La décision de partir en pèlerinage pour des personnes âgées et malades, souvent enfermées – pour ne pas dire exclues – dans un quotidien désocialisant, reste un défi. Mais le voyage à Lourdes apparaît – du seul point de vue social – comme l’antidote au livre accusateur de Jérôme Pelissier La nuit tous les vieux sont gris, publié au lendemain de la canicule 2003 avec comme sous-titre « La société contre la vieillesse ». L’auteur dénonçait en substance ce qu’on pourrait nommer l’euthanasie sociale de nos vieillards : confinés dans des ghettos réservés, bannis du bouillonnement de l’innovation, privés de la compréhension d’un monde qui évolue à la vitesse de la lumière. Triste tableau dans lequel beaucoup finissent par envisager avec angoisse leur propre vieillesse.

Mais Lourdes n’en finit pas d’être cette machine à redonner vie. à Lourdes, explique le docteur Régnier-Vigouroux, « on saisit la capacité des personnes âgées de se renouveler » quand le contexte le leur permet. Non pas d’abord par les exceptionnels miracles physiques, que validera le bureau médical du sanctuaire, mais surtout par les multiples miracles affectifs dont toutes les générations sont bénéfi­ciaires. Combien de jeunes gens ont découvert, pendant les quelques jours d’un pèlerinage, qu’il était finalement facile de faire plaisir à des personnes âgées ? Elles n’aspiraient à rien d’autres qu’à entrer en relation. Paul Régnier-Vigouroux en a vu beaucoup se passionner avec surprise pour les conversations intergénérationnelles. L’expérience de vies qu’on croyait sans intérêt se révèle universelle. C’est la sagesse de l’âge. « Beaucoup d’hospitaliers arrivent avec une peur bien compréhensible devant la maladie, la souffrance, la vieillesse ou le handicap. à Lourdes, plutôt que de les éviter, ils les regardent en face ». Et ils se découvrent capables de les éclairer d’un seul regard.

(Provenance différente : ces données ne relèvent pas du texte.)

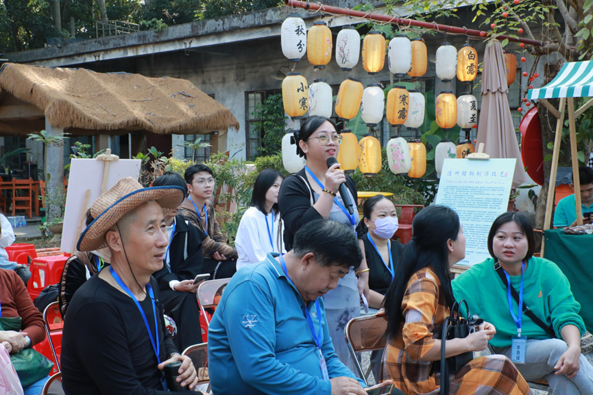 一旁的鸡屎藤馍制作区散发着自然气息。这种以野生植物鸡屎藤为原料的小吃,是儋州人记忆中的“童年味道”。“鸡屎藤被称为‘民间土参’,有清热解毒、促进消化等功效。”儋州鸡屎藤馍制作技艺老艺人曾彩富手持捣碎的鸡屎藤叶,向学员介绍其养生价值。从植物取色到揉面成型,学员们在传承人指导下体验了12道传统工艺。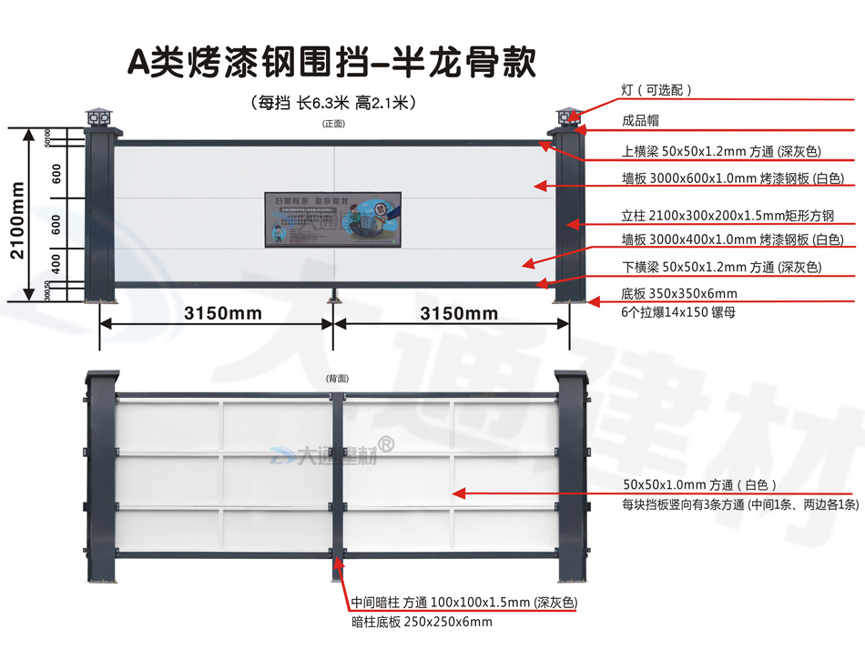 2米1高A類裝配式烤漆鋼結構圍擋半/無龍骨款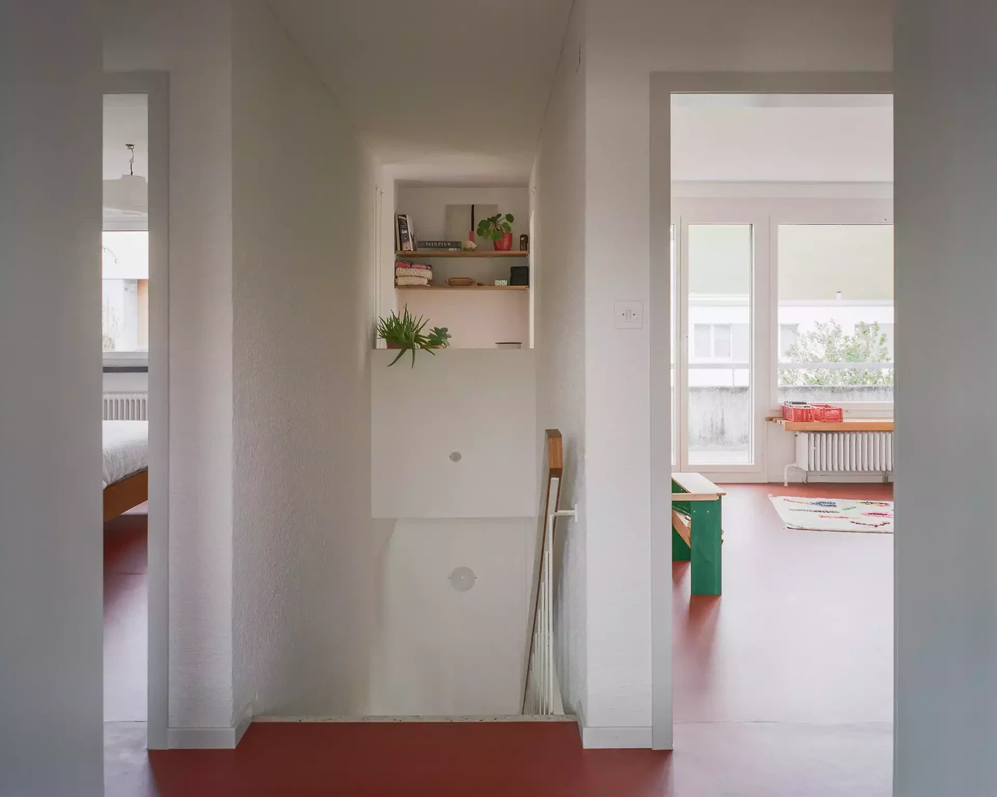 Im Obergeschoss bleibt die kompakte Organisation mit vier Schlafzimmern erhalten. Die funktionalen Beziehungen werden jedoch neu geordnet: Das Badezimmer erhält eine direkte Anbindung an die Ankleide, welche sich wiederum zum Flur öffnet. Durch die Verlagerung eines Einbauschranks entsteht im zentralen Erschliessungsbereich Raum für eine Sitzbank. Diese fungiert als Ort des informellen Zusammenkommens und ermöglicht zugleich den Einfall von Morgenlicht. Über dem Treppenraum wurde eine Wand bis auf Brüstungshöhe zurückgebaut. Ein zusätzlicher Durchgang schafft eine visuelle und räumliche Verbindung über dem Treppenkern, generiert ein spielerisches Rückzugsversteck und führt Tageslicht in den zuvor dunklen Treppenabgang.

Avec la rénovation des accueils, c’est l’ensemble du sanctuaire qui s’est adapté ces dernières années aux personnes âgées dépendantes. Car elles viennent de plus en plus nombreuses y chercher consolation. Beaucoup trouvent-là de quoi donner un sens à leur souffrance. Et ceux qui les servent sont fréquemment émerveillés. Ils redécouvrent la valeur d’un temps lentement partagé. Dans une société dont les plus jeunes membres ont fini par imaginer que les plus vieux étaient inu­tiles et où ces derniers, abandonnés, ont également fini par douter de la pertinence de leur vie, Lourdes est une ville où renaît le désir. « Ouverture du cœur, attente de la rencontre, joie de donner et de recevoir », résume le médecin qui té­moigne à son tour du ressourcement personnel que lui donne « ce surplus de temps » dans son service d’hospitalier : une aide pour mieux exercer son métier tout le reste de l’année. Quand la personne la plus vulnérable est au centre de la communauté, il voit les hiérarchies – professionnelles ou sociales – s’effacer devant la contemplation du mystère de la personne fragile.